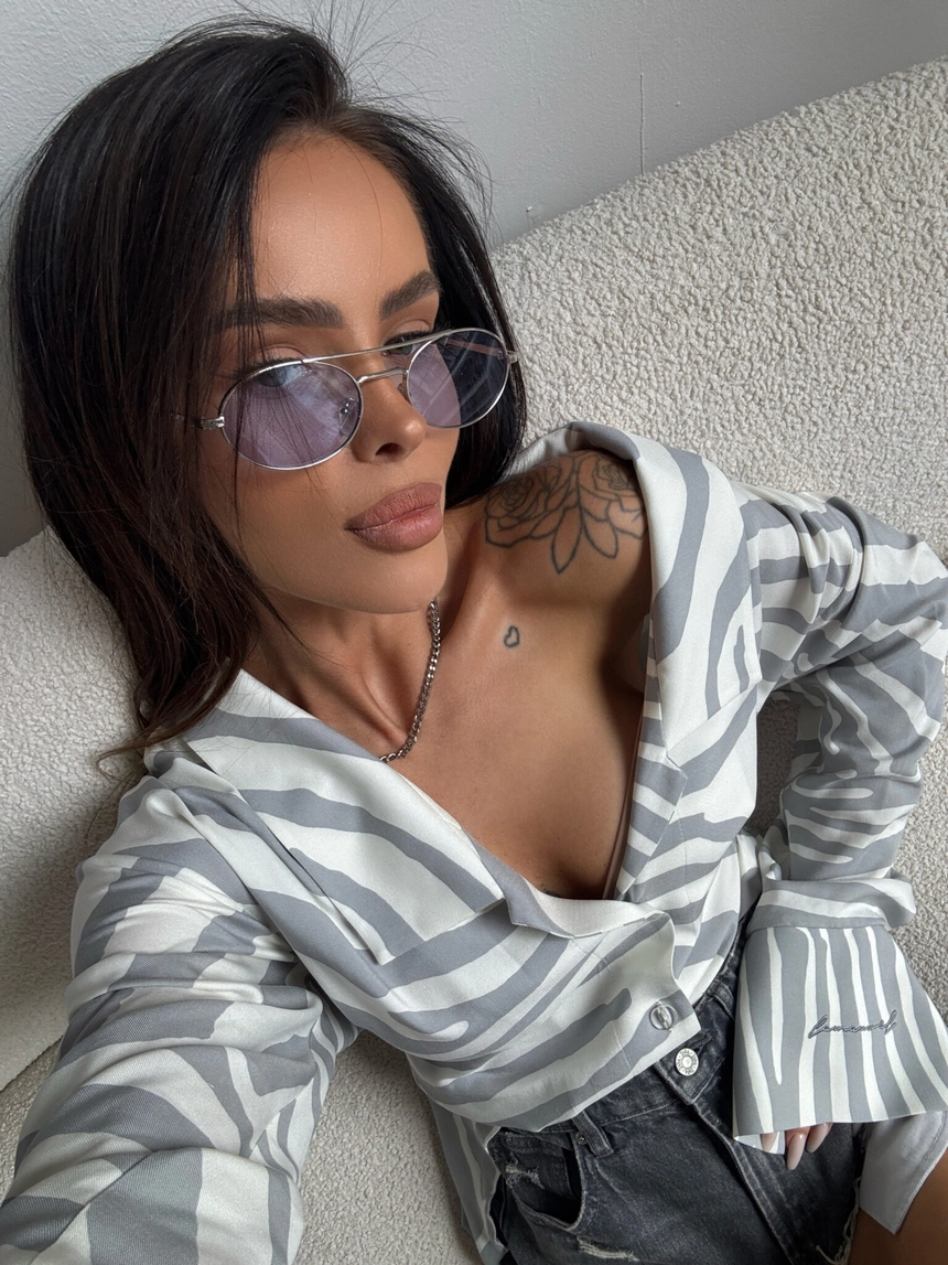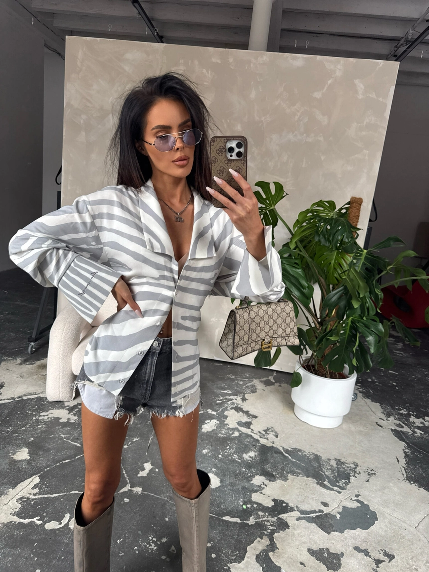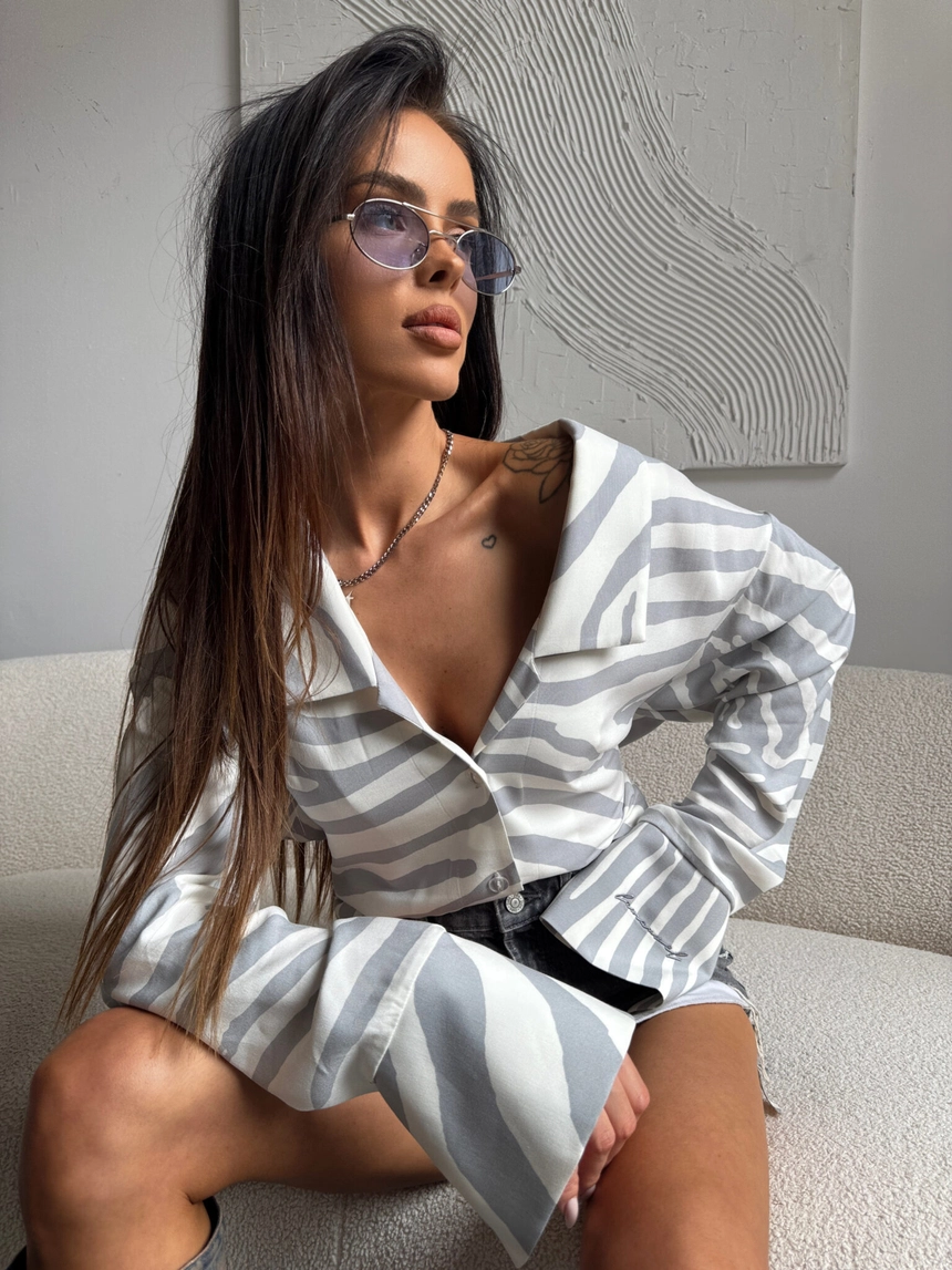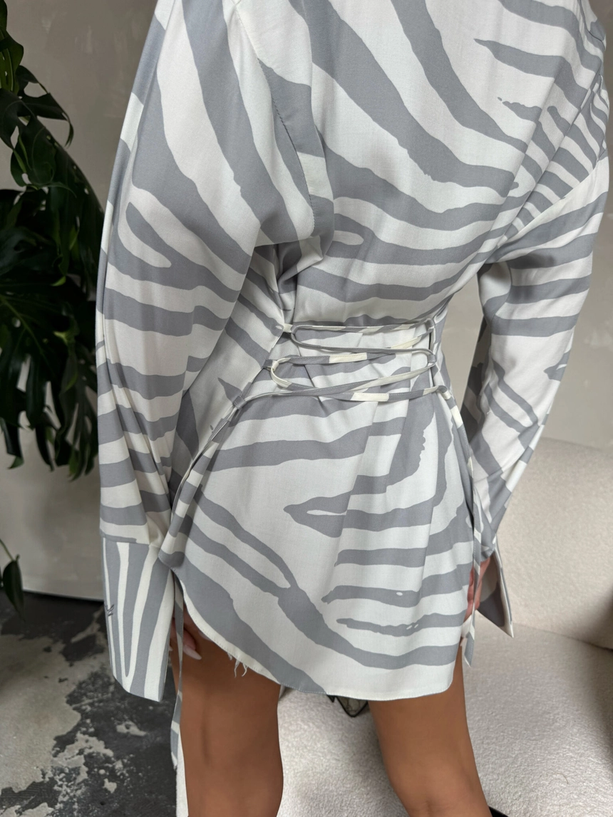 Koszula o luźnym fasonie z efektownym printem w stylu zebry. Model zapinany na guziki z przodu, z szerokimi mankietami i kołnierzem. Z tyłu wszyty pasek z możliwością regulacji, który podkreśla talię. Lekki materiał zapewnia komfort noszenia, a charakterystyczny wzór nadaje całości modowego wyrazu.Skład: 100% wiskoza
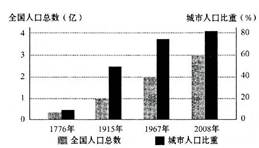 5、单选题 图为某国人口增长和城市人口比重统计图,读图回答3—5题。
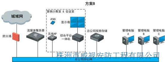 方案B,可通過對訪問人員的授權,實現對分布在全國各地營業店的不同訪問權限;同時可在總部內部搭建一套營銷示教系統,總部銷售總監、銷售培訓主管可以利用該平臺,對各區域督導進行實戰培訓,系統可通過iPAD直接控制顯示墻,方便授課人員靈活操控。系統架構圖如下:
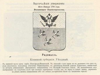 | Keywords: Герб Радомысля Киевской губернии 1796 (Винклер).jpg ru Ге б Радомысля Киевской губе нии 1796 года с описанием из ге бовника Винкле а uk Ге б Радомисля Київської губе нії 1796 оку з описом з ге бовника Вінкле а February 2 1796 January 22 File Путивль Пятиго ск Радомысль из Винкле а jpg П П фон Винкле PD-RusEmpire Uploaded with UploadWizard Coats of arms of cities in Kiev Governorate Gerbovnik Vinklera - City CoAs Радомысль Radomyshl | ||||

### Requirement
Transcribe the whole of the data exactly, minus any pictures.

### Answer for the task
 Koszula o luźnym fasonie z efektownym printem w stylu zebry. Model zapinany na guziki z przodu, z szerokimi mankietami i kołnierzem. Z tyłu wszyty pasek z możliwością regulacji, który podkreśla talię. Lekki materiał zapewnia komfort noszenia, a charakterystyczny wzór nadaje całości modowego wyrazu.Skład: 100% wiskoza
 5、单选题 图为某国人口增长和城市人口比重统计图,读图回答3—5题。
 方案B,可通過對訪問人員的授權,實現對分布在全國各地營業店的不同訪問權限;同時可在總部內部搭建一套營銷示教系統,總部銷售總監、銷售培訓主管可以利用該平臺,對各區域督導進行實戰培訓,系統可通過iPAD直接控制顯示墻,方便授課人員靈活操控。系統架構圖如下:
 | Keywords: Герб Радомысля Киевской губернии 1796 (Винклер).jpg ru Ге б Радомысля Киевской губе нии 1796 года с описанием из ге бовника Винкле а uk Ге б Радомисля Київської губе нії 1796 оку з описом з ге бовника Вінкле а February 2 1796 January 22 File Путивль Пятиго ск Радомысль из Винкле а jpg П П фон Винкле PD-RusEmpire Uploaded with UploadWizard Coats of arms of cities in Kiev Governorate Gerbovnik Vinklera - City CoAs Радомысль Radomyshl | ||||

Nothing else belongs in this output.